The Housing Bubble - For the Record

10-13-2013 Update:

 This is actually a bit old now but he’s calling it like I see it. - Darren

Nice summary, and I agree with it as far as it goes.

The question now is, how are all these investors going to have time to drive around and enjoy their new homes?

The reality is, these “properties” have simply moved from one set of file cabinets to another.  Sure a few of the small local investors have rehabbed and flipped or rented, but the bulk remain empty.  So the question not asked (nor answered) by that post is, where do the butts come from that will sit in those approximately five million houses?  I’ve got one freshly painted and yet setting empty for the last year right next door – no sale, no tenant.

This “housing recovery” is simply the “ringing” caused by investors I’ve talked about before.  This too shall pass, and I fear in the process find a new bottom for the housing market sometime in the next 36 months.

First posted 06-17-06:

Those who know me, know I've been talking about the housing bubble for the last couple of years. I've done everything except beg some of my friends to sell their homes so they'd be sitting on a profit when this thing pops. I'm afraid I've been a bit of a pest.

It's impossible to call the top of a market, let alone a bubble. No matter. I've been calling the top of this one for the last two years and now it's finally happening. So I think it's time to document my predictions, before history starts to be rewritten. It's time to go on the record.

My anti-home ownership campaign started with a bit of sticker shock. I've owned one home after another since I was 21. Well, at least until I got divorced in 2003. Since then I've been
renting - here's why.

When I went to buy a new house, I couldn't believe how much prices had run up. And it just kept getting worse. The longer I waited, the crazier it got. If I'd known how stupid this market was going to get, I would have flipped a couple myself while I was waiting. Hindsight is 20/20. Like I said, you can't predict market timing, so I didn't. I sat it out.

I've sat out every bubble I've ever discovered. I sat out gold in the 80s. I sat out the internet in the 90s (even while working in the middle of the tech world). And I've had my ass firmly planted in a rental for the last three years - tax advantage be damned! I just can't help it. The prices never make sense.

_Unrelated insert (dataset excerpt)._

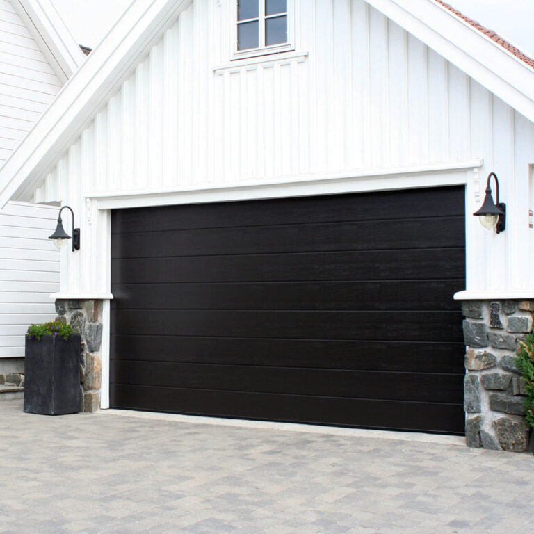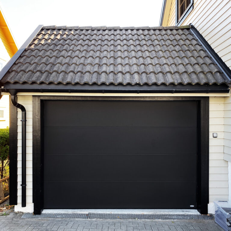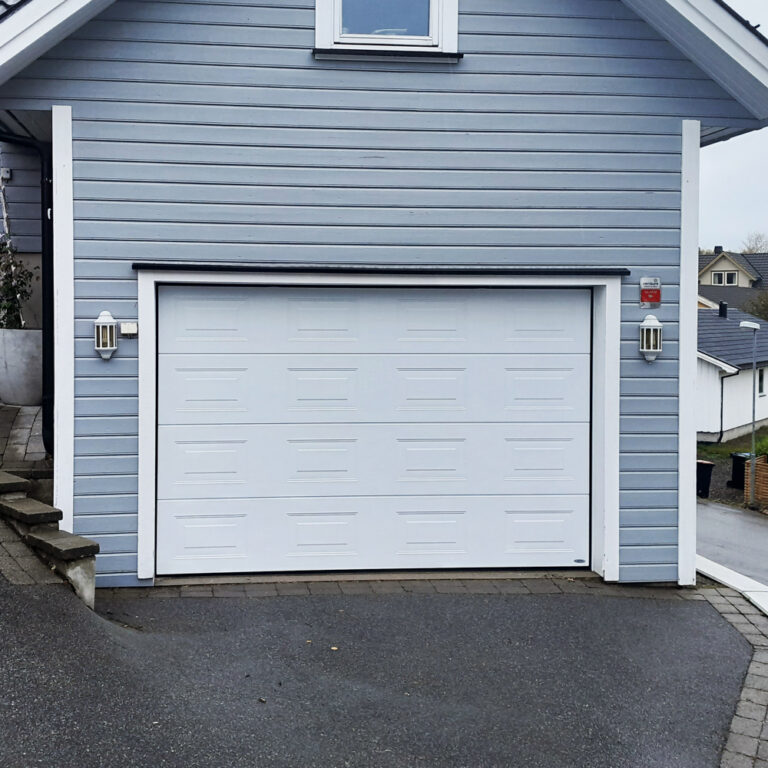 Disse garasjeportene kan leveres med mange forskjellige utførelser og farger, og bredde opp til 5,5 meter. Med en Novoferm ISO45 har du et stort utvalg muligheter for å få garasjeporten som passer til ditt hjem og dekker dine behov. Den leveres som standard med sidemontert motor, som gir deg ekstra god plass i taket. Du kan også få med kodetastatur, innvendig fastmontert fjernkontroll, appstyring og mer.

Here's how I know housing is in a bubble. You can use this tool to spot the next one. The key is fundamental value. That's what something's worth when no one's looking - when there's no speculation. It's the value that reflects the property's ability to produce income compared to other available investments.

An old rule of thumb is, a property is worth 100 times what it will return each month. That's a capitalization rate (rate of return) of around 12%. Again, that's just an estimate. There are always expenses to deduct and capital markets do vary some. Net return after costs in the 8% range for real estate is reasonable. When these cap rates fall below comparable investments,
the ONLY reason to buy is speculation - THAT is when it becomes a bubble.

So ask yourself, how much rent would you pay for any given house? Now add two zeros. See what I mean? You will only find THOSE price in Kansas (something to do with whirling wind and unlimited vistas). Here in Reno you can rent a 2000 square foot house for $2000 per month. Therefore, it should be worth $200,000 as an investment.

But hold on... There's the sign out front! It's listed for $480,000 and sold a year ago for $395,000. If you bought it as a rental, it would only return 2% after expenses. That's also about $200 per square foot to buy or build.

Your mileage may vary depending on where you live and the quality of the building. But no matter how you rationalize it, houses have sold for twice (or more) what they are "worth" in a reasonable investment market.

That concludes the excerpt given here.